Photography by KDog Photo

A white aluminum façade wraps St. Teresa’s Academy’s chapel as if it were an intricately woven mantilla of lace. It’s delicate but sturdy and striking.

When the all-girls Catholic school in the heart of Brookside decided to build a new chapel and academic space on the main campus quadrangle in 2011, they knew it needed to be well thought out. The space was in a prominent location, and it would serve as the spiritual heart of the school and gateway to campus.

The school hired the firm Gould Evans Architecture, who went about surveying the students and faculty to learn what type of structure they envisioned.

A “vision for the chapel emerged as a soft, feminine, contemplative space flooded with light and connected to nature,” state the architects. There was also a strong desire to connect the chapel to the narrative of St. Teresa, the patron saint of lacemakers.

“Achieving harmony between sacred and secular is the very essence of the school’s mission,” according to the architects.

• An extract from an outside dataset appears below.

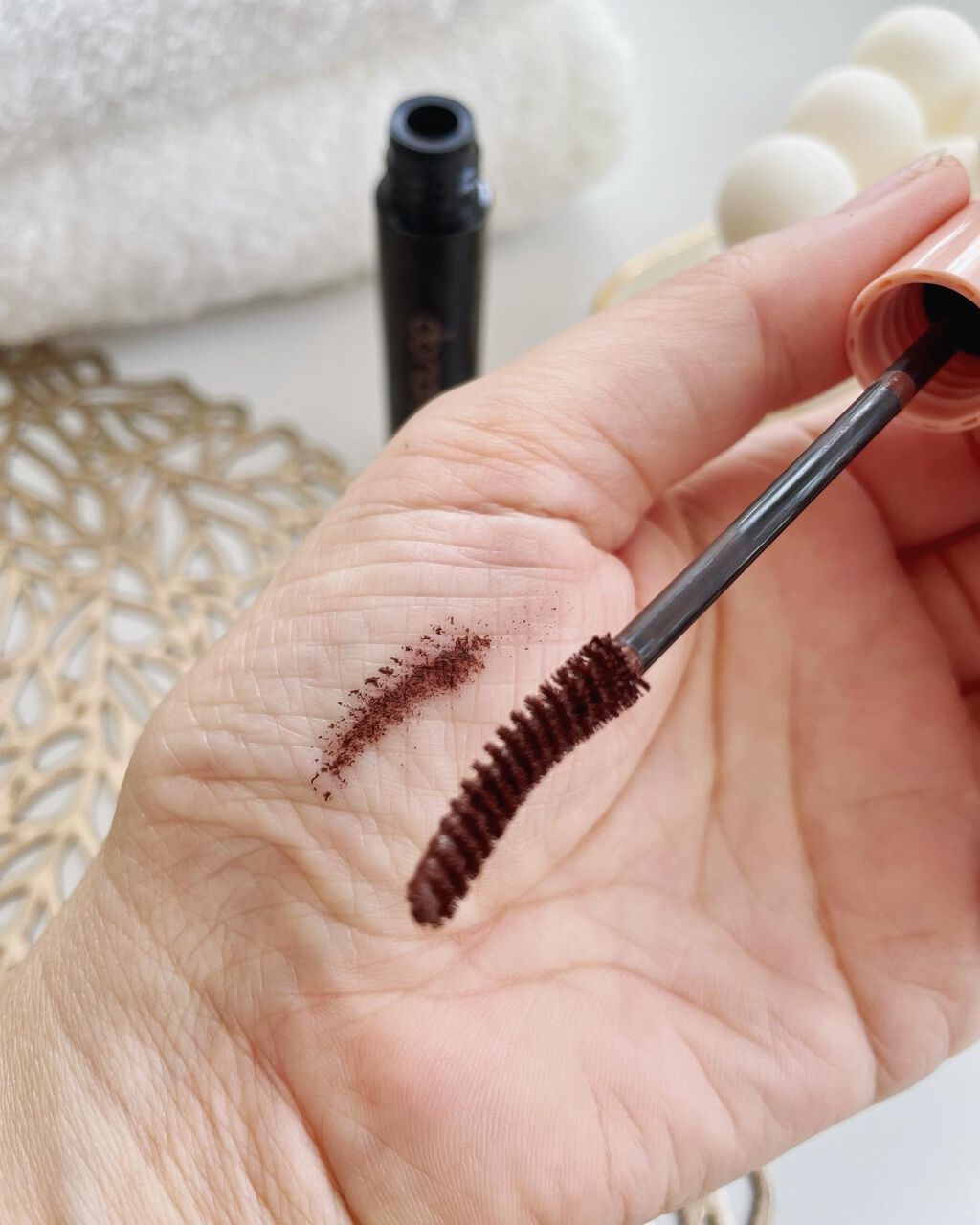 セパレートしやすい! ダマになりにくい! と思ったのが第一印象。 ブラウンは、明るめのブラウンで 抜け感ある目もとに仕上げてくれたよ。 カールキープ力も◎。 お湯で簡単に落ちる点も良かったです。 ピンクのキャップで可愛い。 ブラシは少しカーブしてあって塗りやすかったよ。 まつげ1本1本をきれいにセパレート ナチュラル処方なのに、カールキープやにじみにくさを実現 細部にまでこだわった、先細カーブブラシ 天然由来成分90%以上配合 7つの無添加

The result was a ten thousand-square-foot building housing a hundred-and-fifty-seat chapel and several classrooms that can also convert to banquet facilities. The building’s interiors are clean and modern yet contemplative and peaceful. The chapel has an almost ethereal feel, with tall narrow windows that flank the wall curving around the altar. They show glimpses of the white aluminum façade on the outside and let in dappled light—a modern-day alternative to stained glass. 

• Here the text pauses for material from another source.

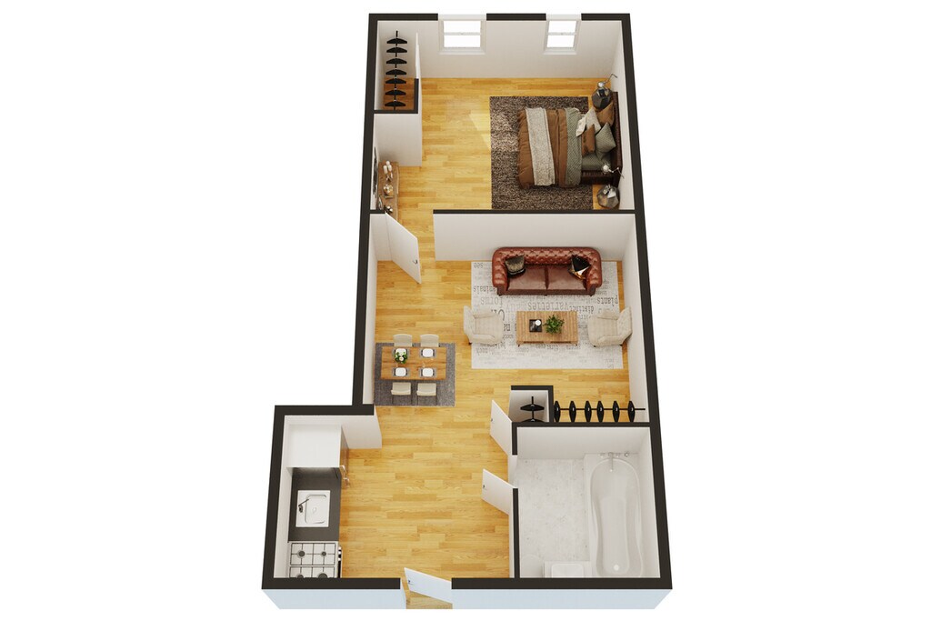 1 Dormitorio, 1 Baño, 425 pies²Galería del Modelo

Gould Evans brought in Zahner, a metal engineering and design company headquartered in Kansas City, to help build and design the unique metal screen that envelops the chapel. Because of the substantial thickness and curvatures, several iterations of manufacturing design research went into making the lace skin work, Zahner says. “The design team conducted material experimentation and digital fabrication explorations to translate the concept of creating a lace scrim into built form.”

It was also important that the new chapel be able to stand out yet also blend in with the other brick buildings of varying age that dot the campus at the school, which was founded in 1866, making it the oldest school in the city.